Physical accessories significantly reduced general perceptions of spirituality across trials. Observers found it much more difficult to recognize subjects’ subjectivities and experiences hidden behind masks and sunglasses. However, the relative differences in mental perception remained intact. Nested subjects were always judged to be significantly less intelligent than directly photographed subjects.
The researchers also investigated the impact of authenticity and artificial intelligence. The steady proliferation of synthetic media has made it incredibly easy to generate faces that are indistinguishable from photos of real people. The researchers used image generation software to create a completely artificial scene in which synthetic people held photos of other synthetic people. Participants rated these images without being informed that they were generated by artificial intelligence.
Observers intuitively believed that synthetic subjects had less mind than real humans in previous tests. Even within these artificial generations, psychological gaps remained. The artificial heart in the first photo was rated higher than the artificial heart in the nested photo.
The final operation involves spatial scrambling. The team rearranged the model’s internal facial features, making the eyes, nose, eyebrows, and mouth look unnaturally scattered. Scrambling completely removes the ability to interpret the stimulus as a coherent social agent. Assessment scores plummeted, establishing the lowest psychoperception scores in the entire study. Despite rating highly distorted faces, observers still demonstrated the Medusa effect by rating the nested scrambled faces lower than the first scrambled faces.
The results show that the Medusa effect ranks as an incredibly powerful phenomenon that defies fundamental perceptual perturbations. It appears to operate almost independently of any physical or structural information present in recognizable faces. Researchers suggest this effect may stem from a psychological concept known as construal level theory. This theory posits that creating spatial, temporal, or virtual distance facilitates more abstract mental associations in the human brain.

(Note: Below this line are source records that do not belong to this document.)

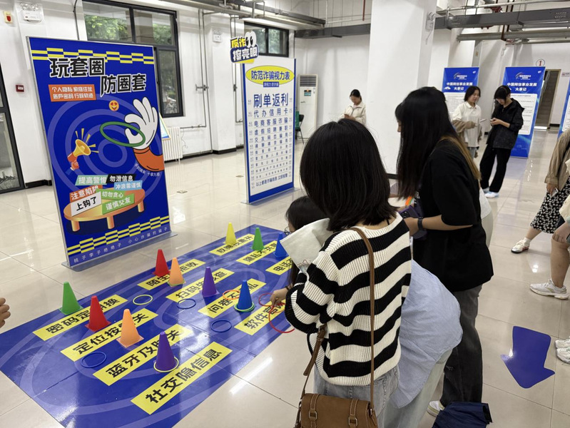 同学们有序来到致远楼一楼展厅,阅读内容丰富、案例生动的反诈知识展板,并通过参与“玩套圈 防圈套”、“幸运转转转”等小游戏,在轻松愉快的氛围中深入了解刷单诈骗、网络借贷、冒充客服等常见诈骗手法。现场气氛热烈,同学们踊跃参与,成功完成游戏的同学还获得丰厚小礼品。这种“寓教于乐”的方式,让反诈知识不再是枯燥的说教,而是真正入脑入心,有效提升了同学们的自我保护能力。
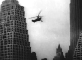 Above: The pursuit plane soars into the clouds (top left), Carey’s plane closes in on the villains’ car (top right), the heavies’ nifty primitive helicopter heads towards their penthouse hideout (bottom left), and the landing gear of Mary’s plane heads for a disastrous fog-caused collison with a phone line (bottom right).
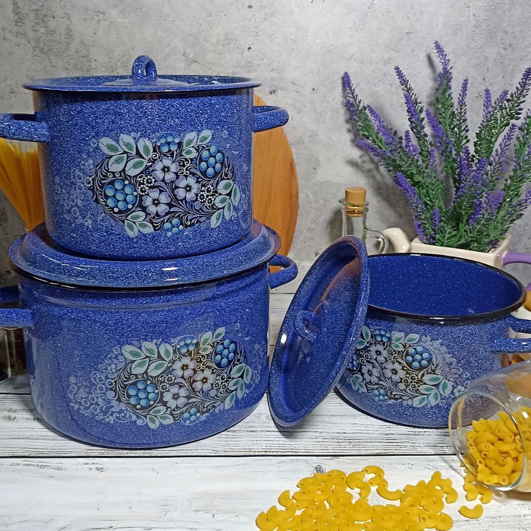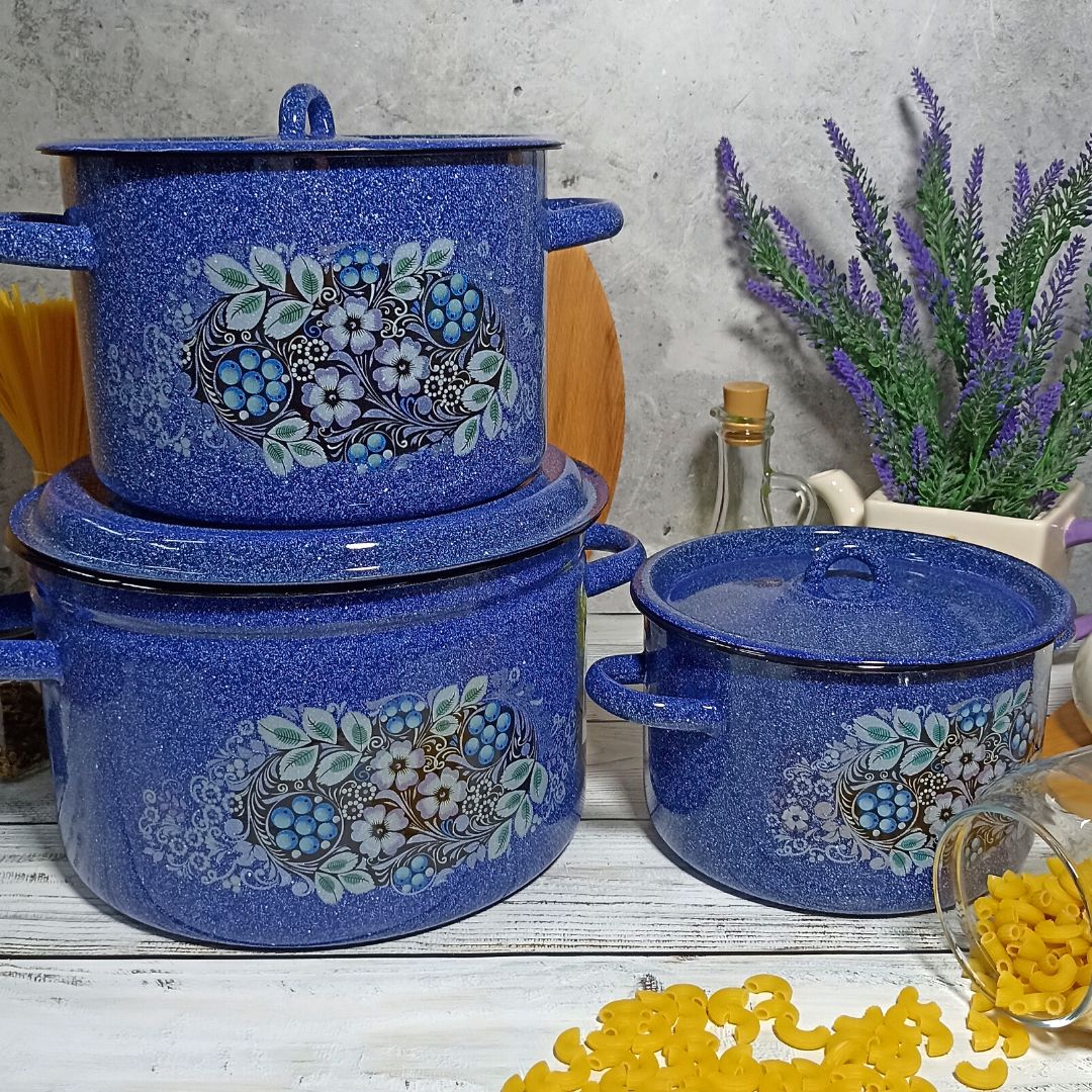 Набор их трёх цилиндрических кастрюль с высоким корпусом изготовлен по ГОСТ 24788 из высококачественного стального проката, покрытого двумя слоями жаропрочной эмали. Эмалированная посуда подходит для кухонных плит любого типа, в том числе индукционных, а так же для использования в посудомоечной машине. Эмалевое покрытие наружной поверхности посуды является стойким к прямому контакту с пламенем газовой горелки бытовых газовых плит.На дне и под бортом изделий могут присутствовать следы от обжигового инструмента, которые не относятся к браковочным признакам и не влияют на эксплуатационные свойства и безопасность посуды.
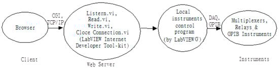 The CGI program then establishes a TCP connection with listener.vi by the G language on the computer and passes the parameters to listener.vi. The listener.vi on the PC turns on the local instrument control VI and passes the command string and parameter to the attached instrument. After that, the TCP connection will be released, and the CGI program returns information to remote side. The instrument control can be remotely made through the interfacing software.
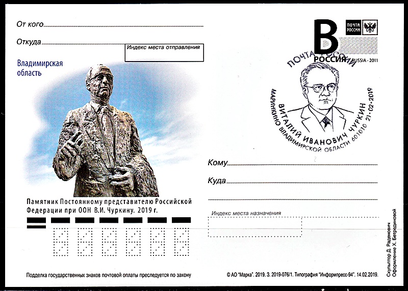 ---------------------------------------------------------------------------------------------------------------------------------------------------------- P.S. 21 февраля 2019г. в деревне Маринкино Киржачского района Владимирской области открыли памятник Виталию Чуркину. Церемонию приурочили к 67-летию со дня рождения дипломата.
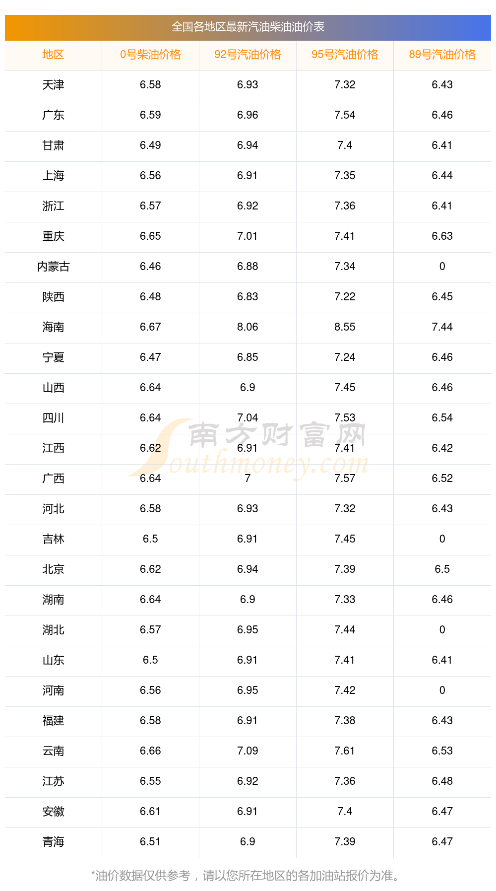 2025年11月14日全國油價調(diào)整及最新汽油價格表
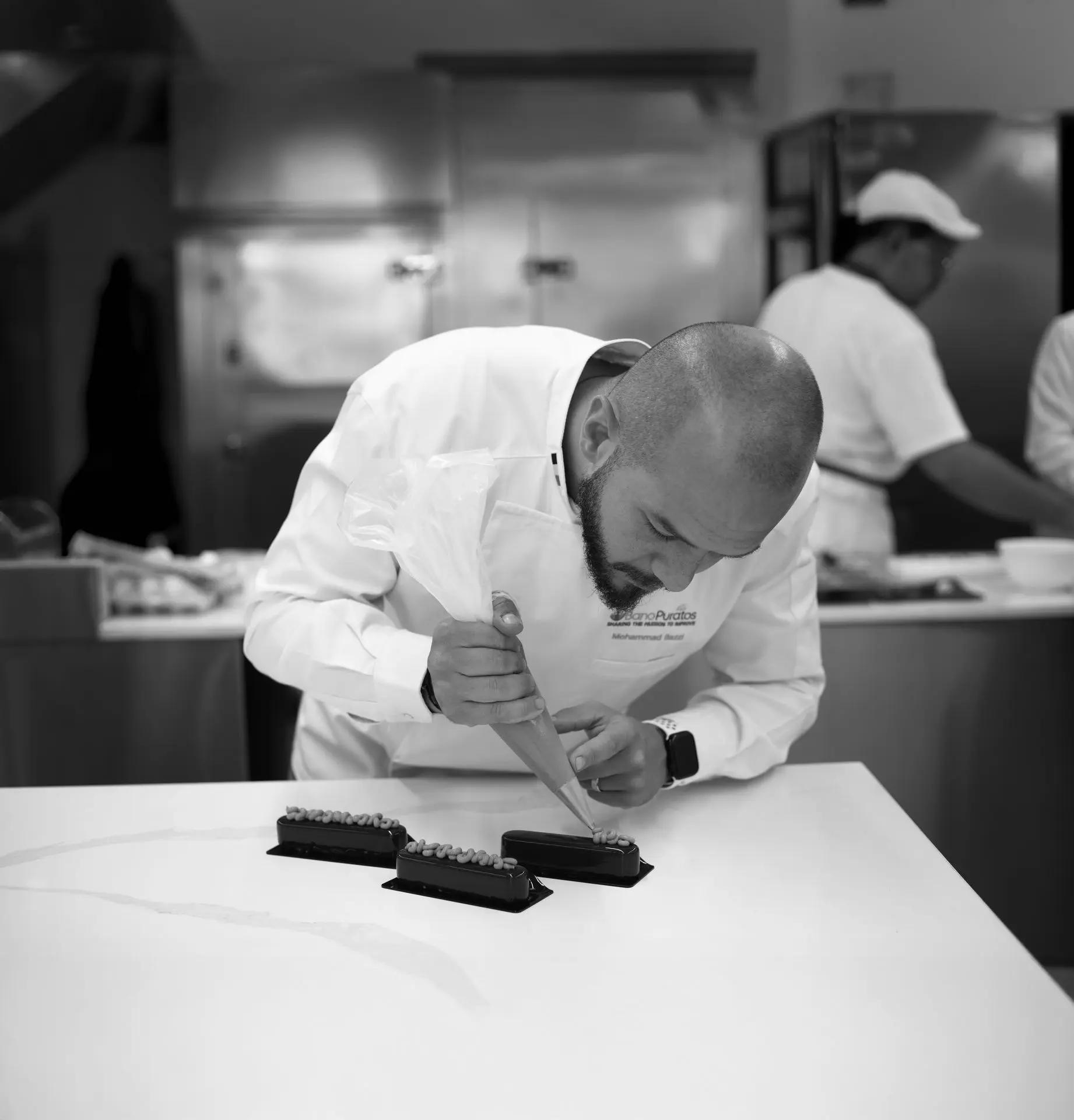 - Preparing fillings (vanilla, mango–zaatar, pistachio muhallabieh)
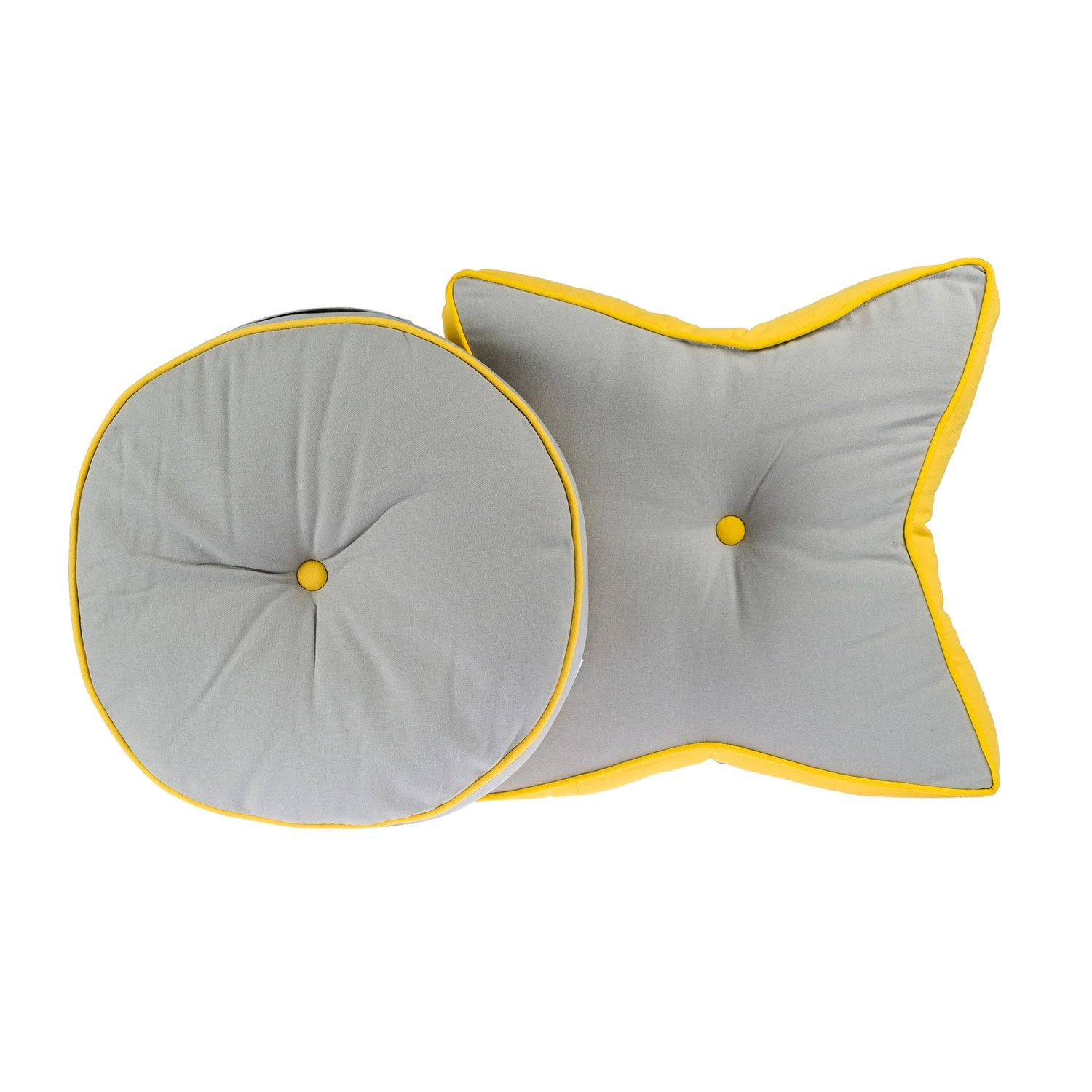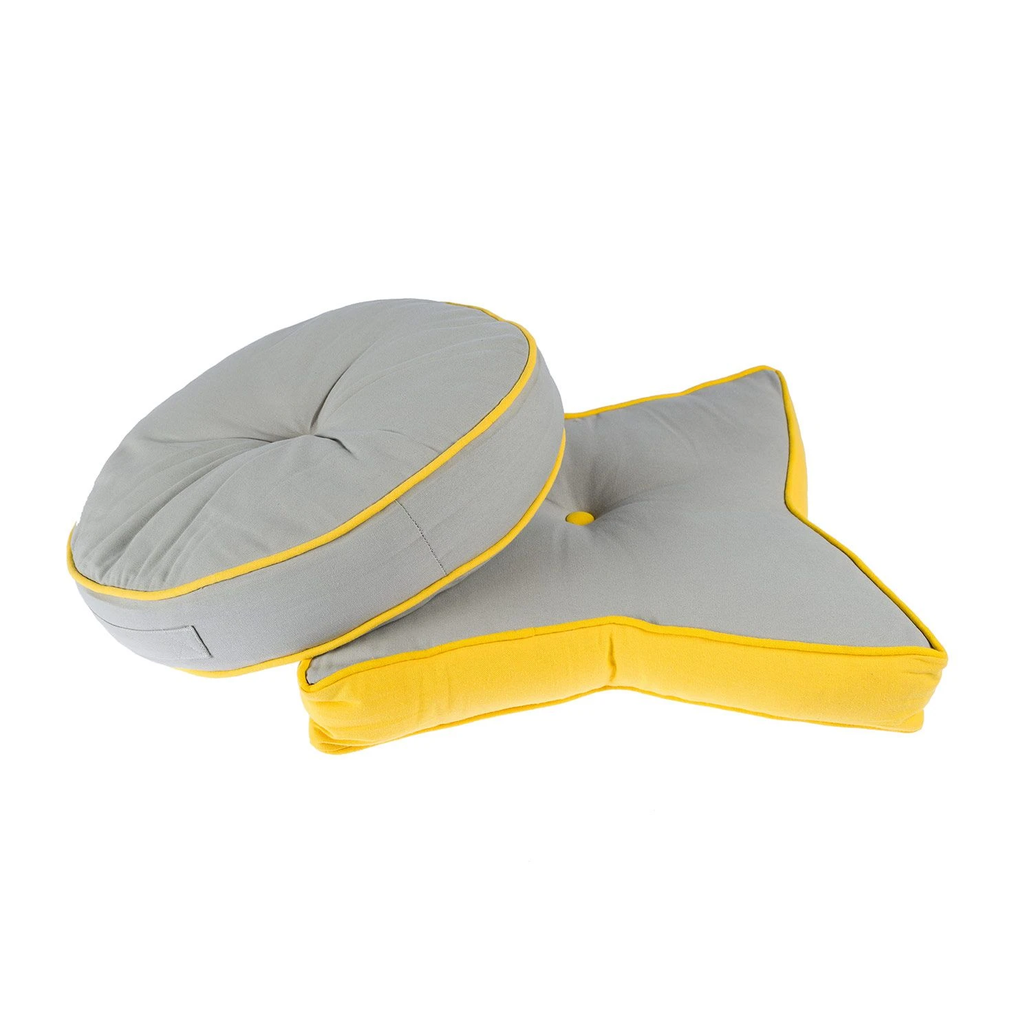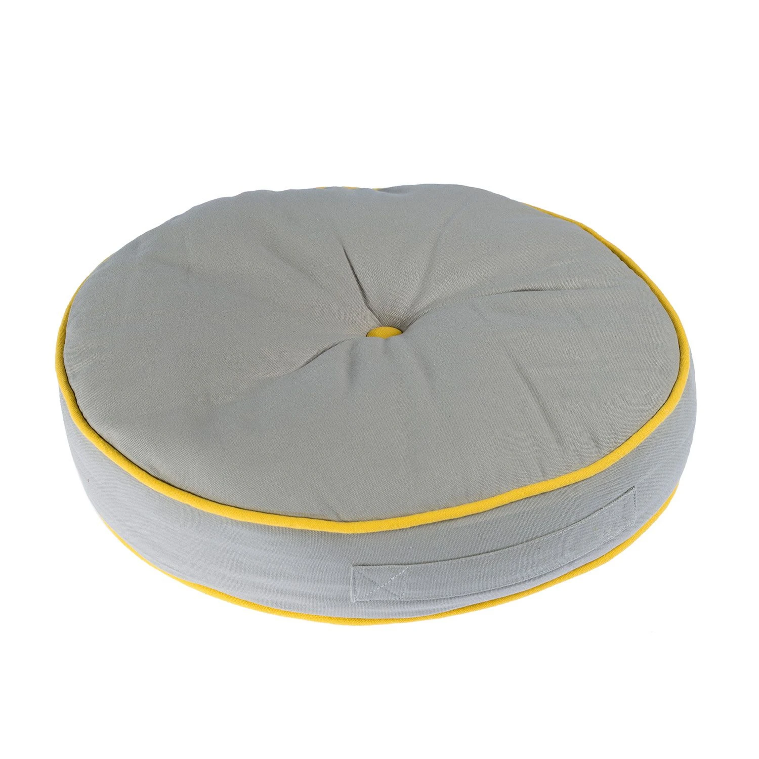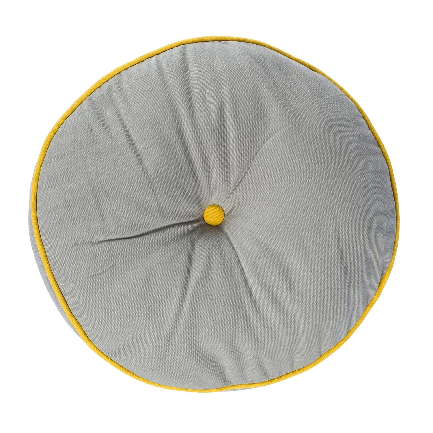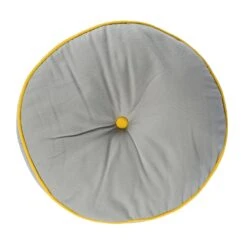 Round grey floor cushion with yellow button and piping detail, 100% cotton indoor or outdoor garden cushion for adults and children prefilled with super microfibre.
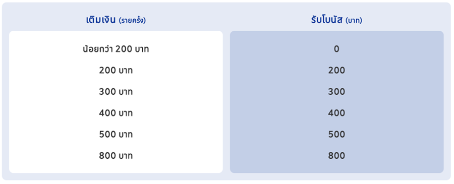 - ลูกค้าจะได้รับโบนัสหลังจากทำรายการเติมเงินตามเงื่อนไขที่กำหนดและได้รับ SMS ยืนยัน
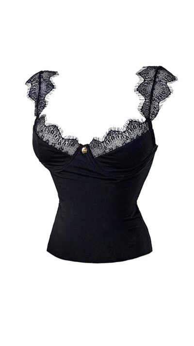Design Geoire, a Blusa com aro meia-taça em tecido microfibra com poliamida, toque macio e confortável. Região do busto forro dublo, detalhe de Renda acima do busto com transparência.
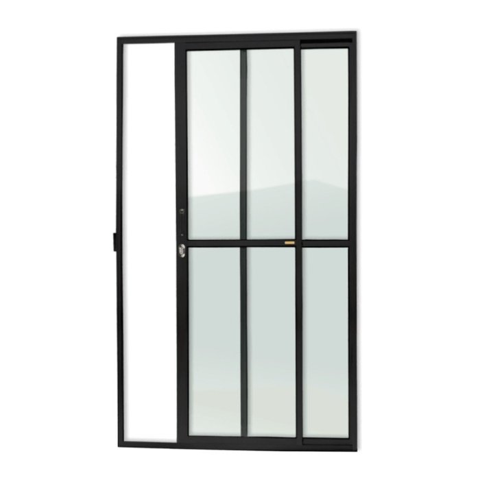 Porta de Correr 2 Folhas de Alumínio Linha Super 25 Pintura Eletrostática Preta 1 Folha Fixa e 1 Folha Móvel Vidro Liso Incolor 3mm Com Fechadura Altura 210 Cm Largura 150 Cm Requadro 7,8 Cm Garantia de 5 anos contra defeitos de fabricação
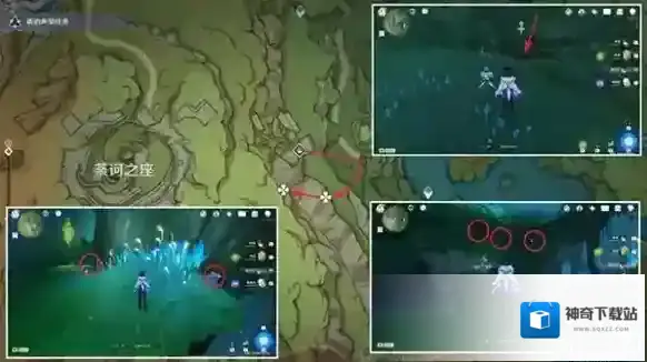 降诸魔山洞窟:大部分位于上层平台或藤蔓上,可借助四叶印快速收集,数量6,推荐指数★★★★。
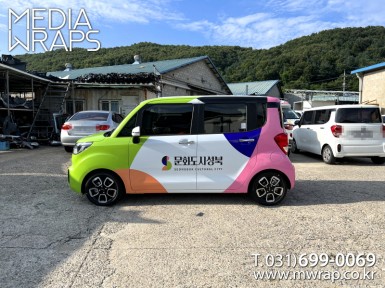 승용 문화도시성북 [작업차량] 레이[차량색상] 화이트[랩핑타입] 하프랩핑 (지붕 포함)..
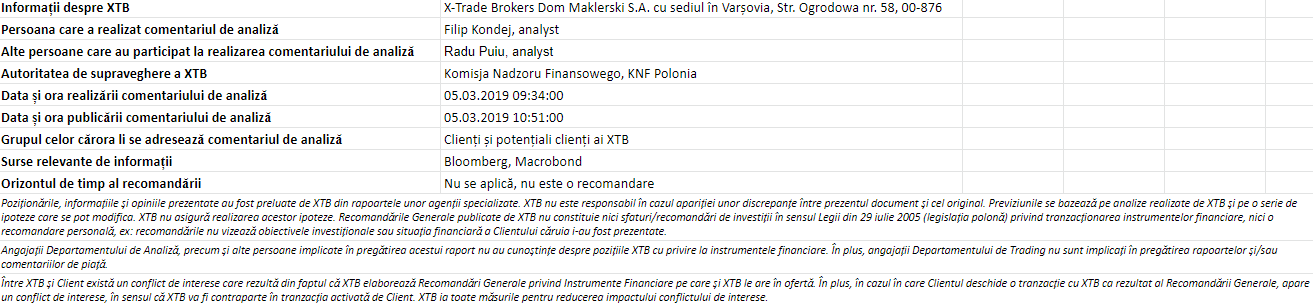 "Acest material este o comunicare de marketing în sensul articolului 24 alineatul (3) din Directiva 2014/65 / UE a Parlamentului European și a Consiliului din 15 mai 2014 privind piețele de instrumente financiare, și de modificare a Directivei 2002/92 / CE și a Directivei 2011 / 61 / UE (MiFID II). Comunicarea de marketing nu este o recomandare de investiții sau o recomandare de informații sau o recomandare care sugerează o strategie de investiții în sensul Regulamentului (UE) nr. 596/2014 al Parlamentului European și al Consiliului din 16 aprilie 2014 privind abuzul de piață ( reglementarea abuzului de piață) și de abrogare a Directivei 2003/6 / CE a Parlamentului European și a Consiliului și a Directivelor Comisiei 2003/124 / CE, 2003/125 / CE și 2004/72 / CE și a Regulamentului delegat (UE) 2016/958 al Comisiei din 9 596/2014 al Parlamentului European și al Consiliului în ceea ce privește standardele tehnice de reglementare pentru aranjamentele tehnice pentru prezentarea obiectivă a recomandărilor de investiții sau a altor informații care sugerează strategii de investiții și pentru dezvăluirea de interese particulare sau indicații de conflicte de interese sau orice alte sfaturi, inclusiv în domeniul consultanței în materie de investiții, în sensul Legii privind tranzacționarea cu instrumente financiare din 29 iulie 2005 (de ex. Journal of Laws 2019, articolul 875, astfel cum a fost modificat). Comunicarea de marketing este pregătită cu cea mai mare diligență, obiectivitate, prezintă faptele cunoscute autorului la data pregătirii și este lipsită de orice elemente de evaluare. Comunicarea de marketing este pregătită fără a lua în considerare nevoile clientului, situația sa financiară individuală și nu prezintă nicio strategie de investiții în niciun fel. Comunicarea de marketing nu constituie o ofertă de vânzare, oferire, abonament, invitație la cumpărare, reclamă sau promovare a oricărui instrument financiar. XTB SA nu este responsabilă pentru acțiunile sau omisiunile niciunui client, în special pentru achiziționarea sau cedarea instrumente, întreprinse pe baza informațiilor conținute în această comunicare de marketing. XTB SA nu va accepta răspunderea pentru nicio pierdere sau daună, inclusiv, fără limitare, orice pierdere care poate apărea direct sau indirect, efectuată pe baza informațiilor conținute în această comunicare de marketing. În cazul în care comunicarea de marketing conține informații despre orice rezultat cu privire la instrumentele financiare indicate în acestea, acestea nu constituie nicio garanție sau prognoză cu privire la rezultatele viitoare. Performanțele anterioare nu indică neapărat rezultatele viitoare și orice persoană care acționează pe baza acestor informații o face pe propriul risc. Acest material nu este emis pentru a influenta deciziile de tranzacționare ale niciunei persoane. Informațiile cuprinse în cadrul acestui material nu sunt prezentate pentru a fi aplicate, copiate sau testate în cadrul tranzacțiilor dumneavoastră. Informațiile cuprinse în cadrul acestui material sunt emise în baza experienței proprii a emitentului și nu reprezintă o recomandare individuală, nu vizează atingerea anumitor obiective, randamente financiare și nu se adresează nevoilor niciunei persoane anume care ar primi-o. Premisele acestui material nu au în vedere situația și persoana dumneavoastră deci nu recomandăm utilizarea acestor informații sub orice formă. Utilizarea informațiilor cuprinse în cadrul acestui material în orice modalitate se face pe propria dumneavoastră răspundere. Acest material este emis de către un analist pentru care își asumă răspunderea XTB SA, persoană juridică autorizată de KNF – Autoritatea de Supraveghere Financiara din Polonia."

Nested photographs indicate psychological distance, making the individual appear existentially distant to the person evaluating the image. The Medusa effect may also reflect deeper categorization processes. Observers may unconsciously treat an image embedded in another image more like a decorative object than a human agent.
The researchers noted several specific limitations that require more extensive evaluation in future tests. In current photography, the field of view is largely restricted to the natural face and upper body, eliminating the effects of full-body posture. The body contributes a huge amount of social information about emotions and identity that can distort visual evaluations.
Future research should test how nested abstractions influence our social judgments by changing body language or introducing animated or robotic figures. Assessing individual differences in visual processing speed and accuracy may also help explain why some people are more susceptible to this visual bias than others.
The study, “Robust Medusa Effect Through Facial Manipulation,” was authored by Jing Han, Kyoshiro Sasaki, Fumiya Yonemitsu, Kaito Takashima, and Yuki Yamada.